Changing the Quality Paradigm - Mary Fortier, General Motors Corporation
The pace, scale and scope of the world economy are staggering. Producers recognize the need to maintain and grow their share of the marketplace. Customers demand products that meet and exceed their expectations. Companies who wish to extend their business know their customers must insist on their brands. Global forces drive the need to offer quality products at competitive prices. Combined, these attributes constitute business strategies that align innovative product design within lean cost structures. Corporate leaders understand the factors that directly support customer satisfaction and loyalty. These include reliable products that meet their intended performance and conform to requirements. Visionary corporate leaders understand that quality is imperative for long-term growth. They know the benefits reach beyond satisfied customers by improved productivity, reduced cycle time, enthused employees and lower costs, true characteristics of a successful business. However, visionaries also recognize that variation can stand in their way. Applied systematically, Robust Design, the ability to desensitize a product or process to the effects of variability, will improve quality levels and provide a stimulus for growth and a backbone for success.

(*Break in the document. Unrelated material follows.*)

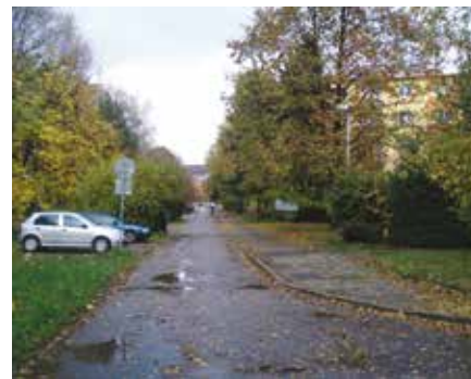
současný stav sídliště v Nádražní ulici

Státní fond rozvoje bydlení počítá s tím, že budou následovat i další výzvy, a to pravděpodobně na jaře tohoto roku. (red)

It is necessary to design quality into products early in the development cycle. This is a paradigm shift which leaders, engineers, and key support areas must realize and implement. Upstream Robust Design provides this actionable process. This presentation will discuss some mechanisms useful to drive change from deterministic thinking to systems and statistical thinking. The Computer Aided Engineering community will be emphasized with examples of math-based Robust Design.
INVITED SESSION 2D: PROCESS MONITORING ASSEMBLY HALL, MICHIGAN ROOM
The Robustness of the Multivariate EWMA Control Chart
- Zachary G. Stoumbos*, Rutgers University, Joe H. Sullivan, Mississippi State UniversityWe investigate the effects of non-normality on the statistical performance of the multivariate exponentially weighted moving average (MEWMA) control chart, and its special case, the Hotelling's chi-squared chart, when applied to individual observations to monitor the mean vector of a multivariate process variable. We show that the chi-squared chart is highly sensitive to non-normality. We argue that the performance is most sensitive to departures from multivariate normality with individual observations (subgroups of size one). We show that with individual observations, and therefore, by extension, with subgroups of any size, the MEWMA chart can be designed to be robust to non-normality and very effective at detecting process shifts of any size or direction, even for highly skewed and extremely heavy-tailed multivariate distributions.
A Unified Approach for Process Control and Monitoring - Kwok Tsui*, Georgia Institute of Technology, Alexopoulos, D. Goldsman and W. Jiang
According to W. Shewhart, the process variation can be classified into assignable cause and common cause variations. The assignable cause variation can be eliminated by statistical process control (SPC) methods through identification and elimination of the root cause of the process shift. The common cause variation is inherent in the process and is generally difficult to reduce by SPC methods. However, if the common cause variation can be modeled by an autocorrelated process and physical variables exist to adjust the output, the common cause variation can be reduced by automatic process control (APC) methods through feedback/feedforward controllers. As suggested by Box and Kramer (1992), integration of SPC and APC methods can result in major improvement in industrial efficiency, which is described as algorithmic statistical process control (ASPC) by Vander Weil et al. (1992).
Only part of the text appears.